Конечно, повторю еще раз: поэт, писатель, вообще человек не Бог и не творит из ничего; вспоминая еще раз о том, что человек не встречает, он есть встреча, можно сказать, что поэт, автор художественного произведения есть встреча творящего и сотворенного. Бытие-общение творящего и сотворенного – одна из онтологических основ авторства как дела сугубо и принципиально человеческого, проясняющего возможности, пределы и масштабы человечности в «промежутке» между равно неплодотворными обожествлением авторской индивидуальности и ее деонтологизацией. Одно из самых значимых проявлений такого общения – словесно-художественное творчество – творчество в языке, конечно, несводимое на индивидуально-личный опыт, но и невозможное без участия личности, без вменяемой личностной субъективности и ее созидательных усилий. И если, например, в поэзии Ф. И. Тютчева в самом деле оживают очень древние смыслы, то Тютчев к этому причастен именно как автор особого рода жизни этих смыслов, не первоначальный их творец, но создатель художественной реальности их бытия в поэтическом слове: в поэзии оживает и воспринимается только то, что создаётся произведением и как произведение, а его автор существует на границе созидаемой им художественной реальности, и, пользуясь бахтинской формулировкой, «действительного единства бытия – жизни» 9
, к которому он причастен и в котором он участвует.В свете философии диалога именно в целостности словесно– художественного произведения наиболее явственно раскрываются такие связи универсальной всеобщности и уникальной индивидуальности, которые противостоят любым формам одностороннего возвышения и абсолютизации как любой человеческой общности, которая поглощает индивидуальность, так и отдельно взятого индивида. Человечество и конкретная человеческая личность относятся друг к другу не как часть и целое, но как равноценные и равнозначные целые – художественная целостность в идеале проявляет именно такую их взаимосвязь. Также в произведении как художественной целостности равно несомненными и равнодостойными являются человечество, народ и конкретная человеческая личность; не только между ними, но и в каждом из них актуальными оказываются отношения единства – множественности – единственности.

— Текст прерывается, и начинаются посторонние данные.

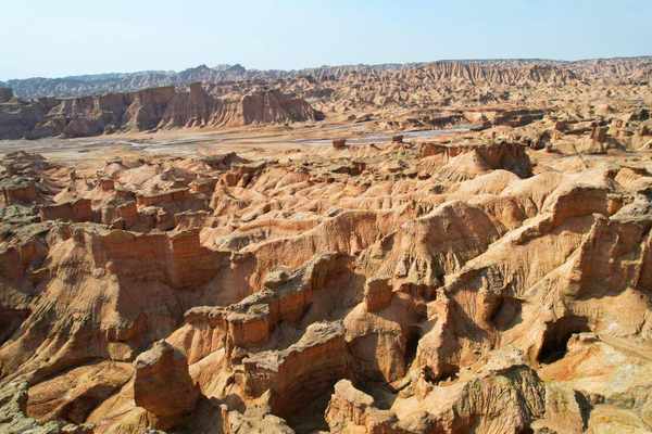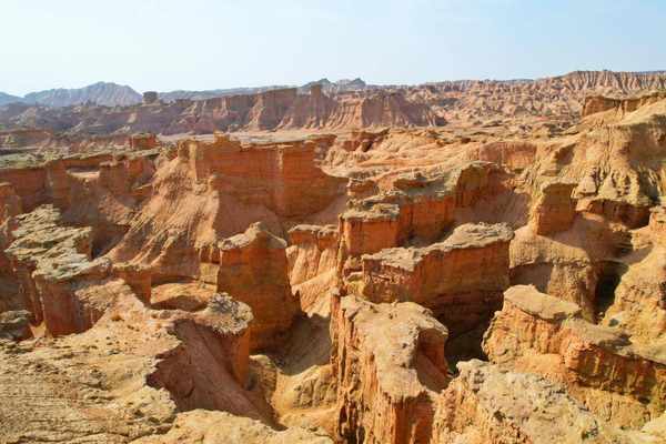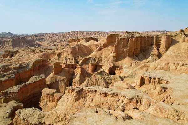 大自然的鬼斧神工,让这里充满了苍凉感,满目赤色的焦土,如同被烈火烧得发红,巨大的山体形状各异,这是被称为“魔鬼城”的山丘部落,这里是拜城克孜尔红石林景区。

Особенно важной в теории произведения представляется взаимосвязь диалогического акцента на общение со столь же усиленным ударением на подлинную множественность, на разделение и дистанцирование. Если Другой оказывается радикально другим миром, тем более трудными, а при осуществлении удивительными и даже таинственными становятся моменты общения. Диалог осуществляется именно и только на границах такой завершенной разделенности, в которой предстает бытие-общение, включающее в себя и зоны духовной непроницаемости.
Я думаю, многие помнят на первый взгляд очень смешную, а при более глубоком рассмотрении очень печальную шутку В. Маяковского:
Неужели и в самом деле только Бог это знает, а человек не способен понять и принять подлинное различие многого и стремится превратить иное если не в тождественное себе, то по крайней мере в
Диалогическая культура противостоит подобной «эгологии» и утверждает не только возможность, но и необходимость радикальной множественности, ее благо и даже потенциальное совершенство. Соответственно диало-гизм в парадигме современной культуры соотносит классическую идею единства истины с одновременным утверждением не только возможности, но и жизненной необходимости множества истинных путей к истине в их диалогической взаимообращенности друг к другу. Взаимосвязи единства – множественности – единственности актуальны, в частности, при анализе отношений литературного произведения и его интерпретаций.
В развитии философии диалога проясняются не только позитивные характеристики, но и проблемы усложнившихся отношений художественного произведения и действительности. Вспомним рассматривавшиеся выше суждения, Э. Левинаса, который говорил о том, что особая художественная реальность произведения искусства порождает угрозу его полного обособления, отделения от мира, исключения из коренной для человеческого бытия диалогической ситуации. В противостоянии этой угрозе Э. Левинас выдвигает на первый план время, язык и субъективность и в особенности «отделение субъекта», что означает «способность к разрыву, отвержение нейтральных и безликих начал» и в числе прочего «отказ от колдовских резервов искусства» и безответственности идолопоклонства. В противостоянии безличному и анонимному бытию, пишет он, «свет и смысл обретаются на пути, ведущем от существования к существующему и от существующего к Другому» 10
.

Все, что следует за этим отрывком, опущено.